§ **PROBLEM TO WORK ON**
After finding the line with "А как ты думаешь, о" in the entries below, copy that line and each one after it exactly, through the last line, and omit pictures.

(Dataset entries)
------------
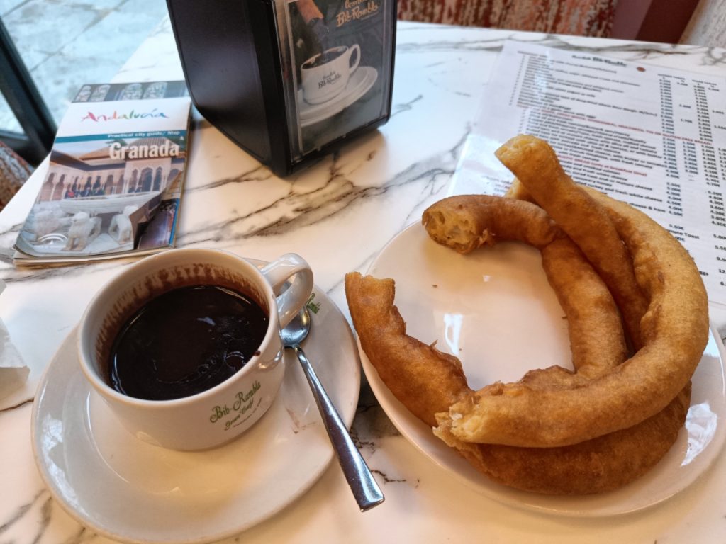Dernière matinée en Espagne, il est temps de faire un petit dej chocolate con churros. Je suis retournée là où j’avais pris un chocolat hier, car il était très bon. Les churros étaient bon aussi, pas très croustillants mais pas gras. A la différence de Cadix l’an dernier, c’étaient des gros churros pas des petits. Le minimum c’était 3, ça m’a fait un bon petit déjeuner.
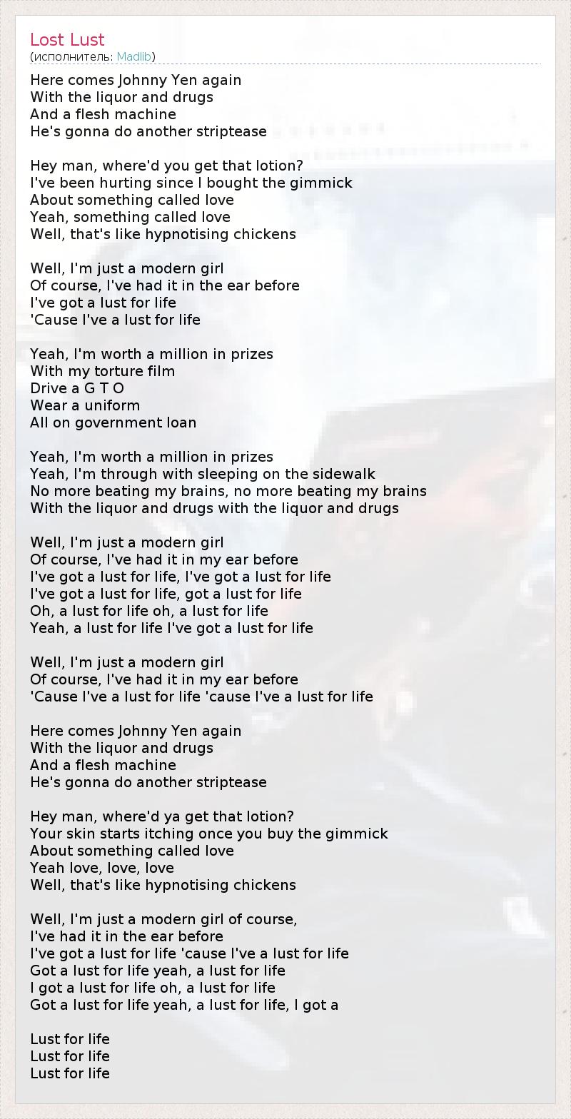 А как ты думаешь, о чем песня "Lost Lust" ?
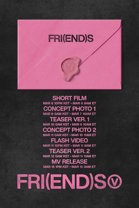 빅히트 뮤직은 3월 5일 0시(이하 한국시간) 방탄소년단의 공식 계정에 영문 'V' 인장이 찍힌 핑크색 편지봉투와 프로모션 콘텐츠 공개 일정이 담긴 'FRI(END)S'의 프로모션 스케줄을 게재했다.
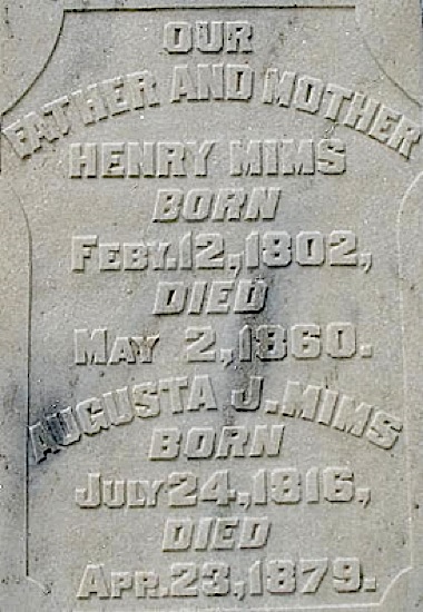 Henry (1802-1860) & Augusta Mims (1816-1879), Crystal Springs Cemetery, Copiah County
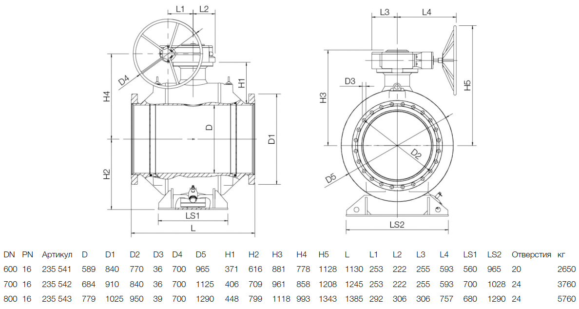 Кран шаровой NAVAL 235543 DN 800 PN 16 стальной полнопроходный фланцевый с редуктором
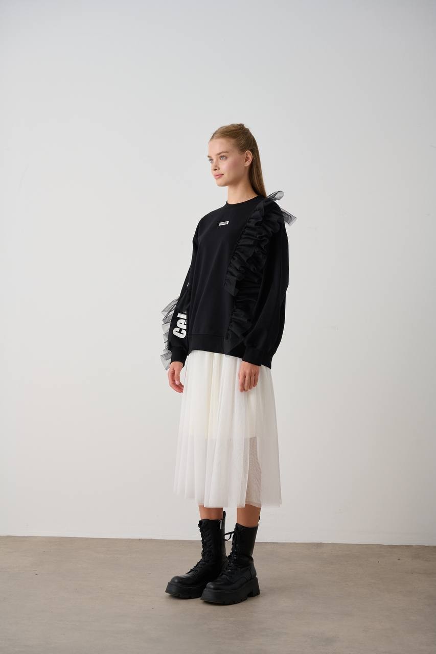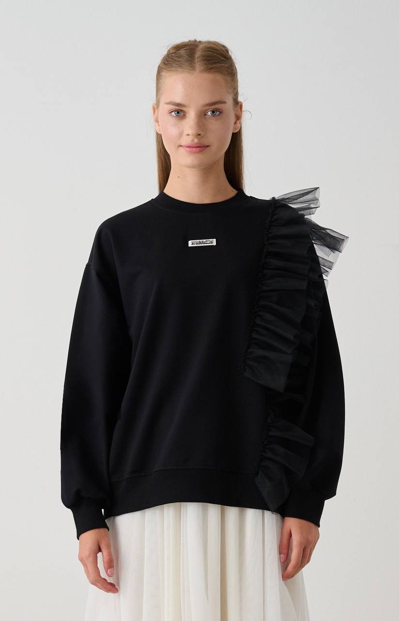Kız Çocuk Fırfırlı Baskılı 2 İplik Sweat
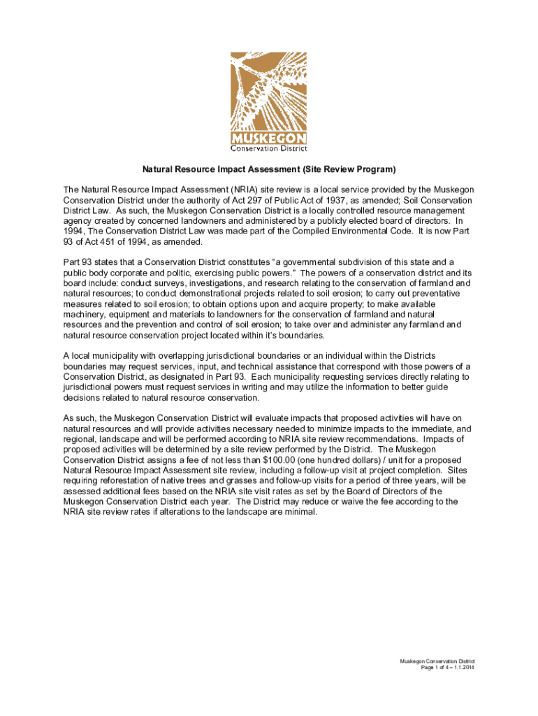 Natural Resource Impact Assessment (Site Review Program) The Natural Resource Impact Assessment (ARIA) site review is a local service provided by the Muskegon Conservation District under the authority
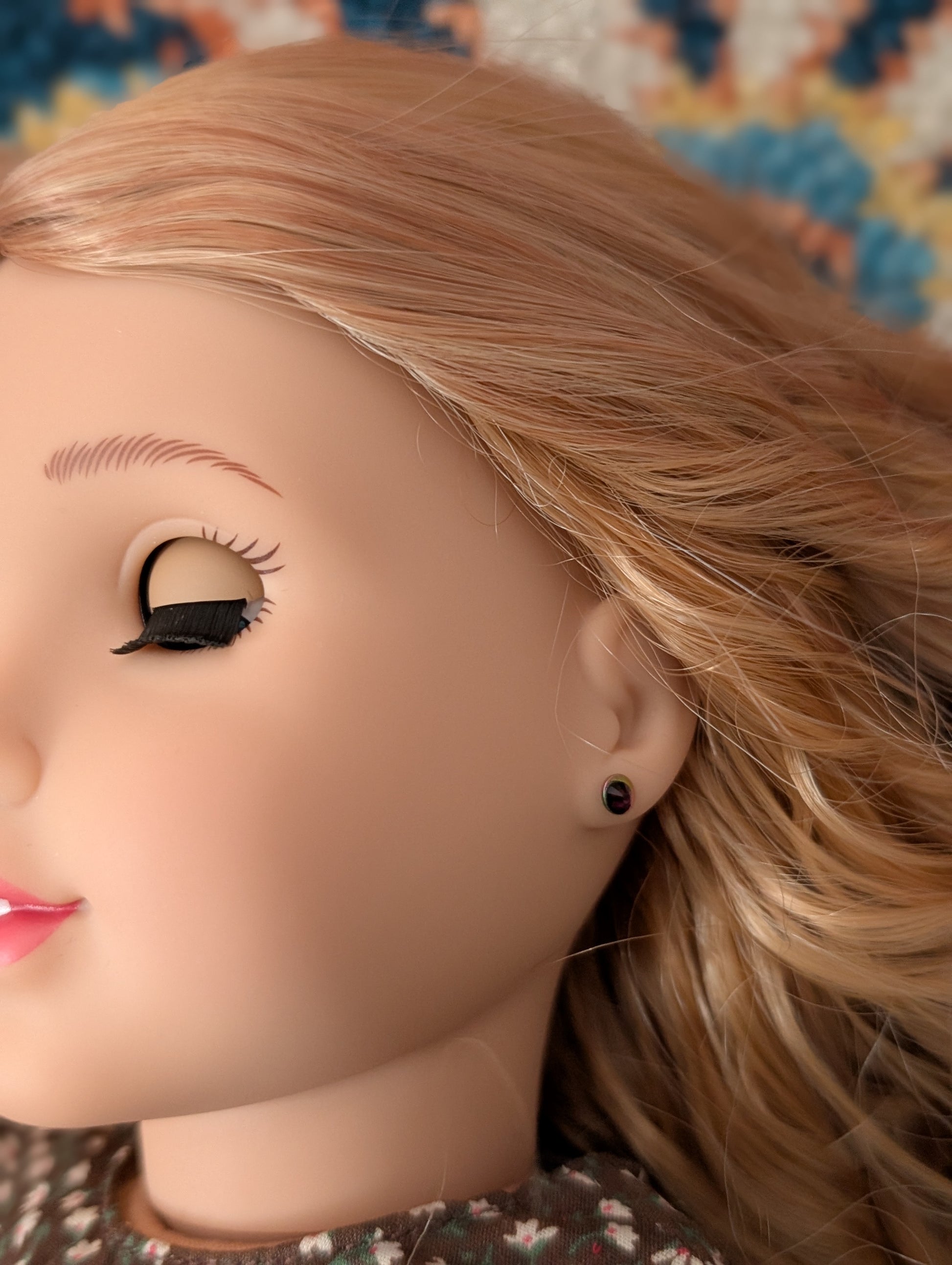 This one of a kind OOAK custom American Girl doll was created with a brand new Belle doll, a light red wig, and blue eyes. She may have some minor shine marks from handling. She comes with the outfit pictured. Her ears are pierced with American Girl doll sized earrings.
------------
§ **SOLUTION TO THE EXERCISE**
 А как ты думаешь, о чем песня "Lost Lust" ?
 빅히트 뮤직은 3월 5일 0시(이하 한국시간) 방탄소년단의 공식 계정에 영문 'V' 인장이 찍힌 핑크색 편지봉투와 프로모션 콘텐츠 공개 일정이 담긴 'FRI(END)S'의 프로모션 스케줄을 게재했다.
 Henry (1802-1860) & Augusta Mims (1816-1879), Crystal Springs Cemetery, Copiah County
 Кран шаровой NAVAL 235543 DN 800 PN 16 стальной полнопроходный фланцевый с редуктором
Kız Çocuk Fırfırlı Baskılı 2 İplik Sweat
 Natural Resource Impact Assessment (Site Review Program) The Natural Resource Impact Assessment (ARIA) site review is a local service provided by the Muskegon Conservation District under the authority
 This one of a kind OOAK custom American Girl doll was created with a brand new Belle doll, a light red wig, and blue eyes. She may have some minor shine marks from handling. She comes with the outfit pictured. Her ears are pierced with American Girl doll sized earrings.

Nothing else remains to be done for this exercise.